◆ Data shown ◆
------------------------------------------------

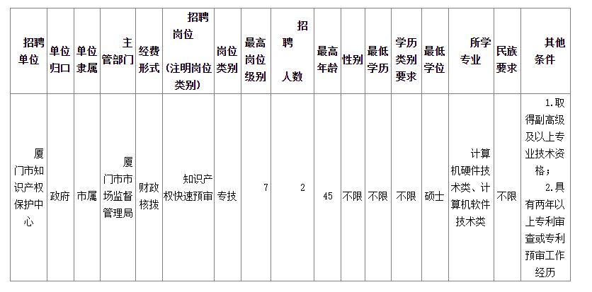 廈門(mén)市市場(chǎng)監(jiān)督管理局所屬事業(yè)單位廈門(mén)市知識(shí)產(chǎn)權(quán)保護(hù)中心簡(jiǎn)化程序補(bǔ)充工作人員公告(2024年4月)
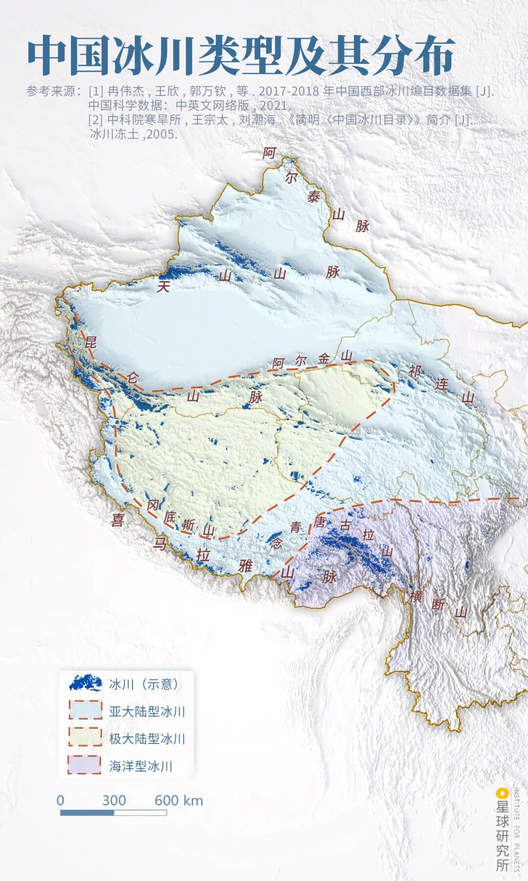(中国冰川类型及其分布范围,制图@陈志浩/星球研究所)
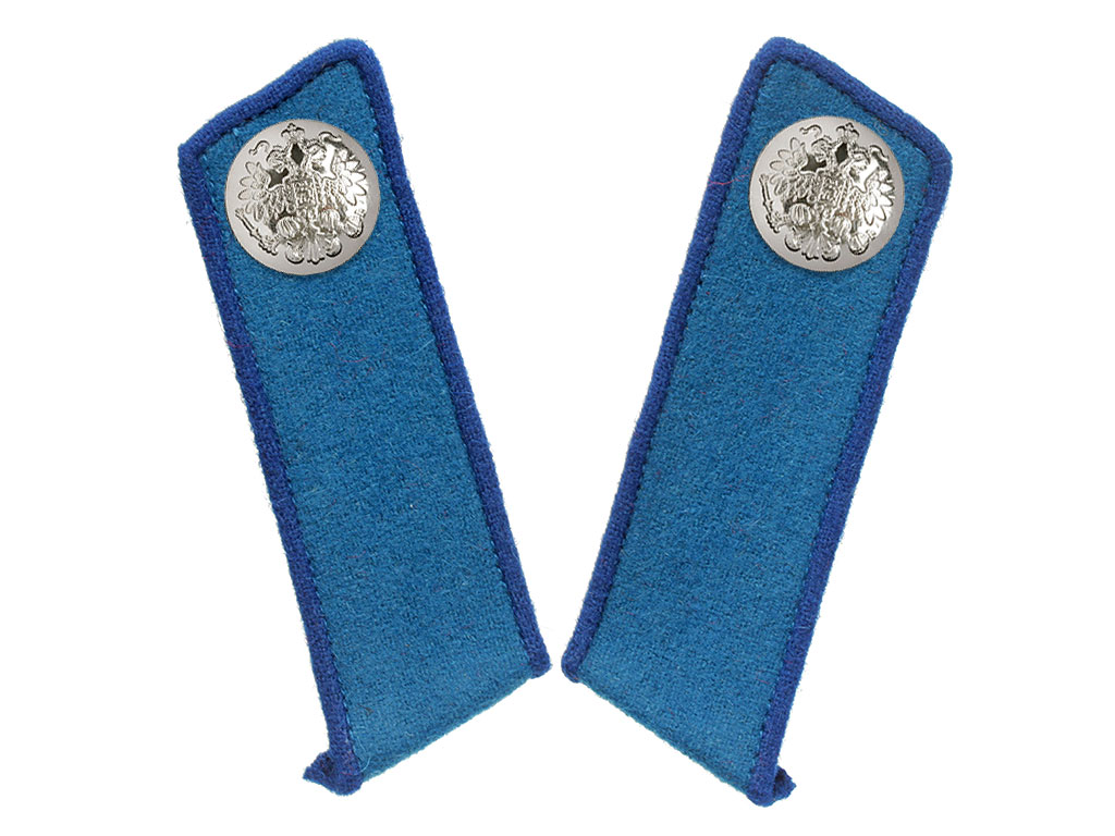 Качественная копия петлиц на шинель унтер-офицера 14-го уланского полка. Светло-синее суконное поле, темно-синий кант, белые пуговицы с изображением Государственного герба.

------------------------------------------------

Your copy should hold exactly and only the lines from the one containing "(中国冰川类型及其分布范围,制图@陈志浩/星球研究所)" through the end of the material, inclusive, repeated word for word and without pictures.

◆ Reply to the task ◆
(中国冰川类型及其分布范围,制图@陈志浩/星球研究所)
 Качественная копия петлиц на шинель унтер-офицера 14-го уланского полка. Светло-синее суконное поле, темно-синий кант, белые пуговицы с изображением Государственного герба.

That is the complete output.